By Barry A. Woodbridge
September 19, 2000
The Lone Ranger is making one last ride. From Beverly Hills, to London, to New York City goes the mask, the blue two piece western costume with red necktie, boots, gloves, holster, guns, silver bullets and light tan Stetson hat. Everything essential except the Masked Man himself is making a final journey in September and October this year. Then Sothebys will conduct an on-line Internet auction of each of these and many other items of Clayton Moore's personal property. On October 31, they will come to rest with the highest bidders.
To some, the very idea of auctioning off these personal items may at first seem inappropriate, disrespectful, or in poor taste. Why should the unique, irreplaceable personal effects worn by someone who has so lived the values of a cultural hero go to the highest bidder and become perhaps the private collection of any one individual? Why should what was always so much in the public eye, even during the so-called "prohibition years" when the mask itself was temporarily banned, become privatized?

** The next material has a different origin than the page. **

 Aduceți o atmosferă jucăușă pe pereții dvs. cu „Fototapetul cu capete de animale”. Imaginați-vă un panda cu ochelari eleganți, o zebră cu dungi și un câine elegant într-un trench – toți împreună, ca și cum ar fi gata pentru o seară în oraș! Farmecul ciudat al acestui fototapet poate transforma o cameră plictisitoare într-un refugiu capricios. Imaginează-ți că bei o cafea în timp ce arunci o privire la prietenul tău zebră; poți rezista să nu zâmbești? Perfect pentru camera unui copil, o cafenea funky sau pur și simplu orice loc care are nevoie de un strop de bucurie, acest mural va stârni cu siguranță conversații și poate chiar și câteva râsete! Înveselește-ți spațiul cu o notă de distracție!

Rest assured, this is not the case. In a written introduction to the collection for sale as well as by her own personal appearance and assurance to fans and visitors at Sothebys in Beverly Hills on September 18, Dawn Moore Gerrity, Clayton Moore's daughter, explained:
"The tremendous love and respect my father felt for his fans was central to his being; he repeatedly turned down financial gain rather than put the Lone Ranger in a situation that compromised the character's moral values. That spirit led to the donation of a substantial number of items to the Smithsonian Institution including one of the three masks from his collection that he wore during the TV series and throughout his career. I am very proud to say that mask is now on permanent display for generations to come.

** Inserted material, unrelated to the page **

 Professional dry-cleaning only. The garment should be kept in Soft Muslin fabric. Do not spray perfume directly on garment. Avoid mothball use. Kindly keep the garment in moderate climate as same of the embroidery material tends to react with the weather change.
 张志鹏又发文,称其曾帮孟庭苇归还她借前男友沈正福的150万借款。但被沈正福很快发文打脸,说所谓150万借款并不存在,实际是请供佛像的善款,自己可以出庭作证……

The decision for me to part with any of these items has been bittersweet, but one my father encouraged throughout my life. Many an evening was spent "debating" which treasures I couldn't live without and which he wanted to share with his fans. [Dawn mentioned in this regard that back in her early childhood she can remember and smell the evenings when Clayton would have his silver polish out, polishing his guns, cleaning his leather, and telling her as a 7 year old that someday these were going to be important items to protect and preserve for others. "But," she reminisced, "what can a 7 year old understand about that? It was difficult enough as an adult a few years ago when we would talk about it."]

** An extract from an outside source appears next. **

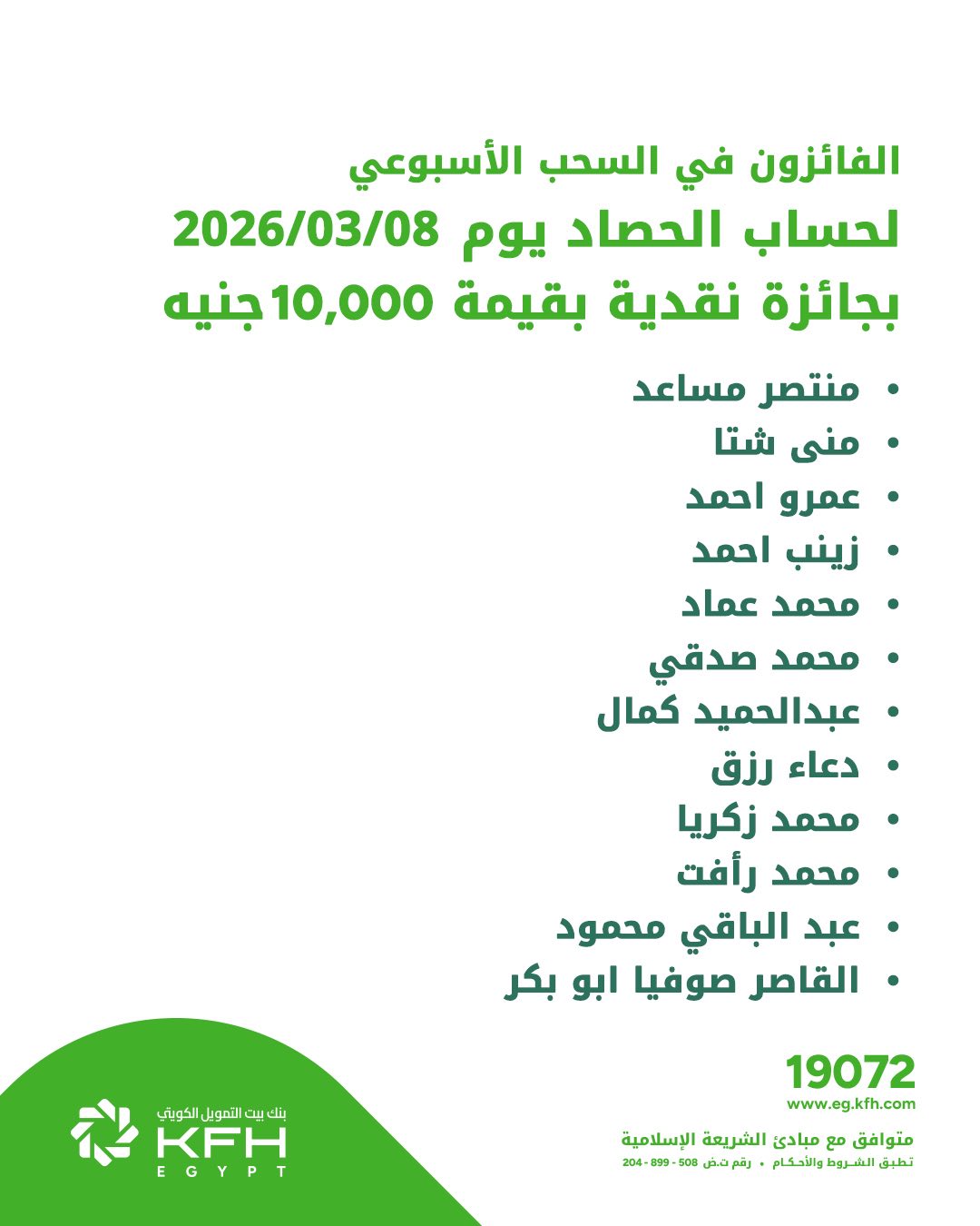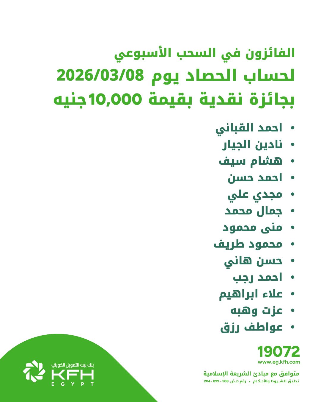 أعلن بنك بيت التمويل الكويتي – مصر عن الفائزين في السحب الأسبوعي لحساب الحصاد، والذي أُجري يوم 8-3-2026، وأسفر عن فوز عدد من العملاء بجوائز نقدية بقيمة 10,000 جنيه لكل فائز.

I have been privileged to be the 'curator' of these pieces and am so very proud of the man who influenced so many lives as profoundly and fundamentally as my own."
So, there is also a journey to Washington, D.C., which has already been taken. Once before the Masked Man was there in that now famous scene signing into effect the new Peace Patrol program with then Vice-President Nixon. Now, within a mile of the White House in the building on Capital Mall where the Smithsonian houses their collection of American memorabilia, in the same room where the Fonz's leather jacket, where props from the Honeymooners, Ozzie and Harriet, I Love Lucy, and Archie Bunker's old chair are on display, Clayton Moore's original mask and other personal items will belong forever to the public.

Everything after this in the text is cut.